Nessa linha, a escola pode se encarregar de cuidados como a ventilação necessária, práticas envolvendo a higienização das mãos, dos objetos e do uso de máscara. “A escola não pode ser um lugar triste. As interações, as amizades, as brincadeiras são a própria escola na visão das crianças - e elas têm razão.”

Participação ativa das crianças

Para ajudar na compreensão das novas normas de cuidado sem cair no discurso proibitivo do “não pode”, as educadoras orientam envolver as crianças ativamente na organização da escola. 

Beatriz Goulart sugere valorizar o conselho escolar, inclusive na Educação Infantil, e propor rodas de conversa e trocas com as crianças sobre os assuntos que as envolvem. “Mostre que existem regras mais difíceis durante a pandemia e pergunte se elas têm ideias de como agir. Convide-as a entenderem os protocolos sanitários.”

Na volta às atividades presenciais, Ceila fez isso com as turmas: rodas de conversa sobre a pandemia, trocas sobre as experiências vividas no período em casa e sugestões sobre como lidar com a situação. “Entendo que crianças devem ser colocadas no papel de cidadãos participativos e construtores de saberes.

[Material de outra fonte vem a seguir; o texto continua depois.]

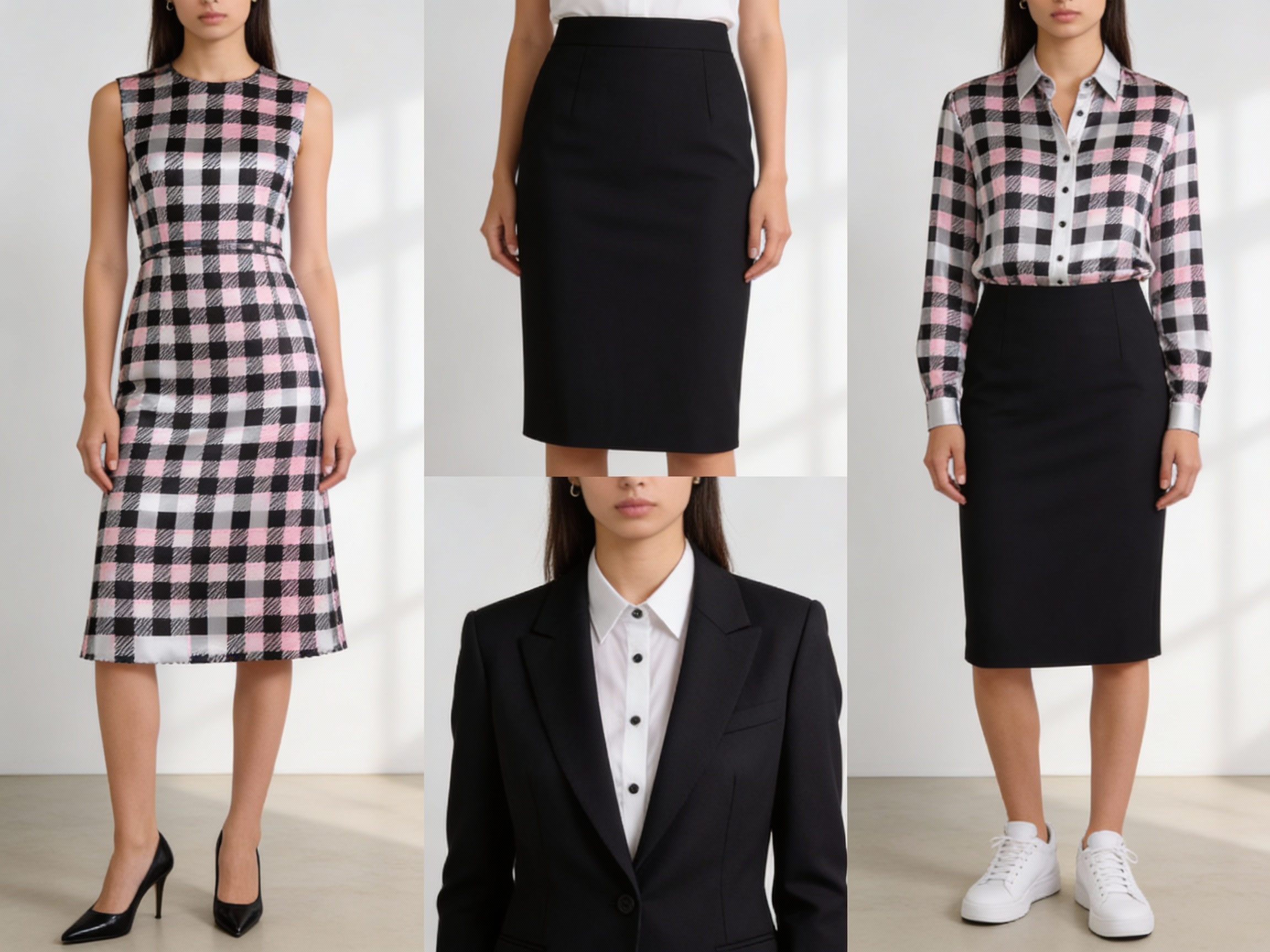 The fabric’s design is a standout feature, featuring a bold check pattern in black and white with a cleverly integrated pale pink shadow on the black lines. The light grey background has a subtle lustre, adding a touch of elegance without being overly shiny. This design is optimized for structured garments: the check size is neither too large (which can overwhelm the wearer) nor too small (which can appear busy), making it suitable for a wide range of silhouettes.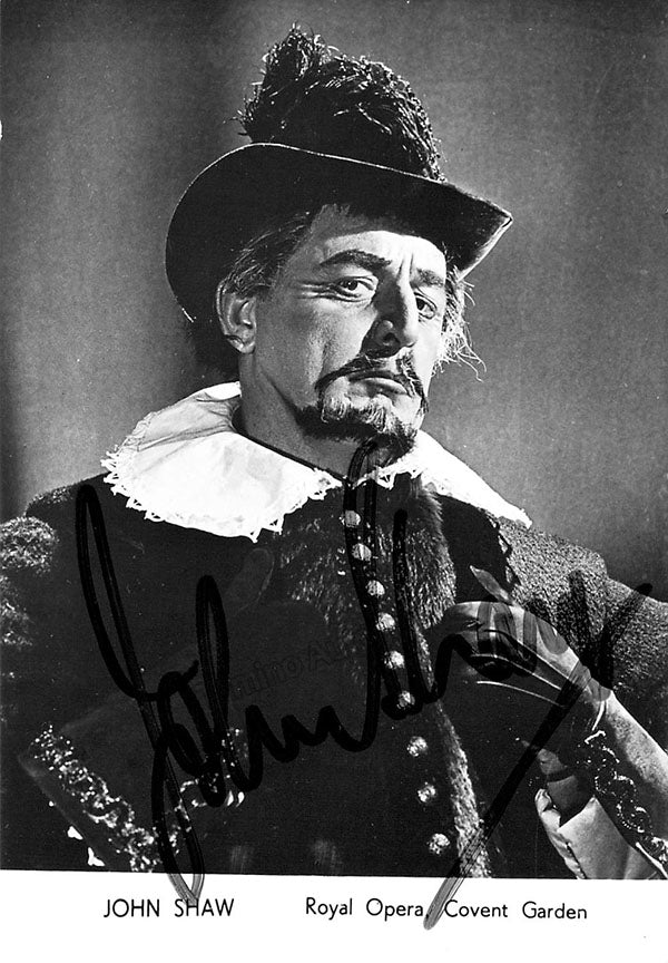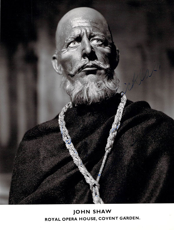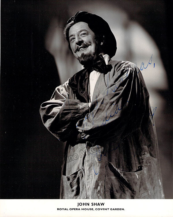 Signed promotional photograph, shown in role (possibly as Verdi's Falstaff) at the Royal Opera, Convent Garden, London. Size is 3.5 x 5 inches, in excellent condition.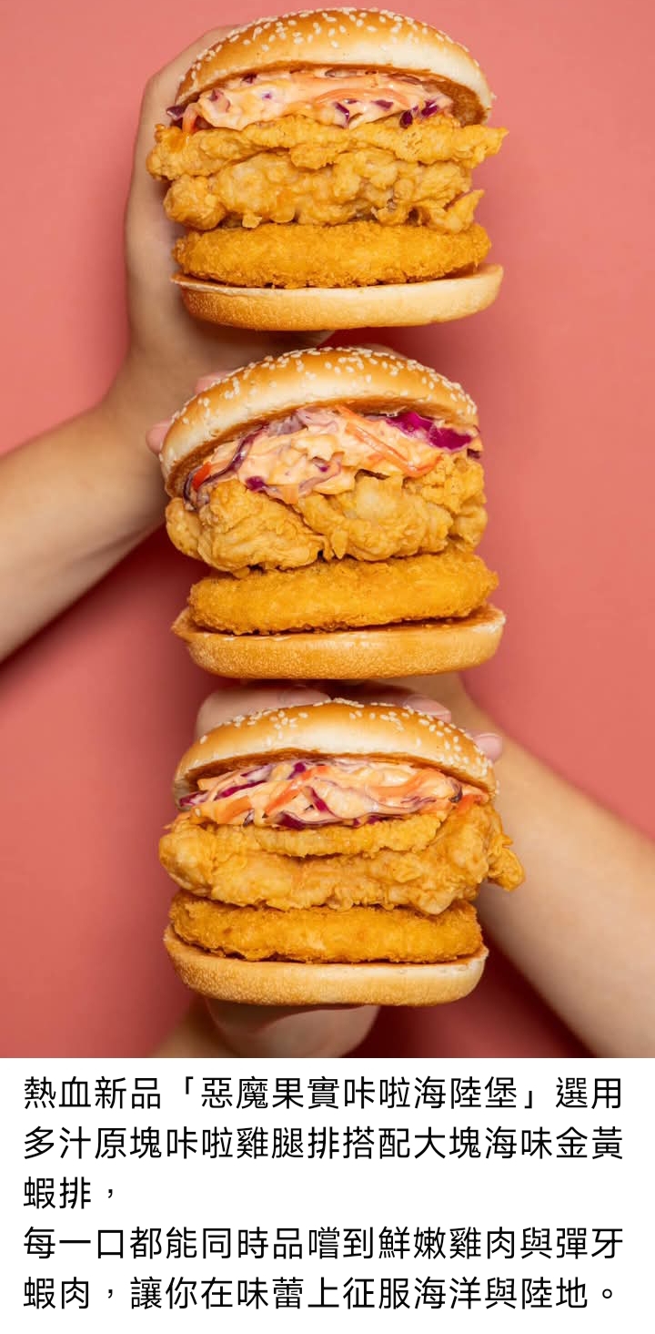 傳說中,吃下惡魔果實者將獲得神秘力量,如今惡魔果實就在肯德基!這股力量被完美化為全新餐點——「惡魔果實咔啦海陸堡」,一次滿足海與陸的雙重美味霸氣登場!熱血新品「惡魔果實咔啦海陸堡」選用多汁原塊咔啦雞腿排搭配大塊海味金黃蝦排,每一口都能同時品嚐到鮮嫩雞肉與彈牙蝦肉,讓你在味蕾上征服海洋與陸地。漢堡更特別加入以東南亞熱帶海洋藍泳蟹蟳味絲、蝦高湯與芥末提味調製拌入香濃美乃滋,加上新鮮高麗菜絲融合成獨門蟹味醬,層層堆疊出濃郁又清爽的多重口感。咬下瞬間,猶如真正吃下惡魔果實,強大能量自舌尖湧入全身,喚醒體內沉睡的冒險基因,邀你踏上征服美味的熱血航程。多層次、超飽足的海陸風味,從第一口到最後一口都是無盡驚喜。肯德基「惡魔果實咔啦海陸堡」,將《航海王》海上冒險的熱血與感動化作味蕾的真實體驗,隨時開吃、隨時啟航,開啟屬於你的冒險篇章!

Nós acreditamos em uma escola onde os combinados são construídos com a criança e retomados sempre que necessário”, pontua.

Além disso, Beatriz reforça a importância de lembrar que a condição é temporária e de incentivar o cuidado entre as próprias crianças - algo que Ceila vê acontecendo naturalmente entre os pequenos: “Por aqui, um colega ajuda o outro a lembrar sobre o uso da máscara, como fazer a higienização necessária e a manter o distanciamento”, conta.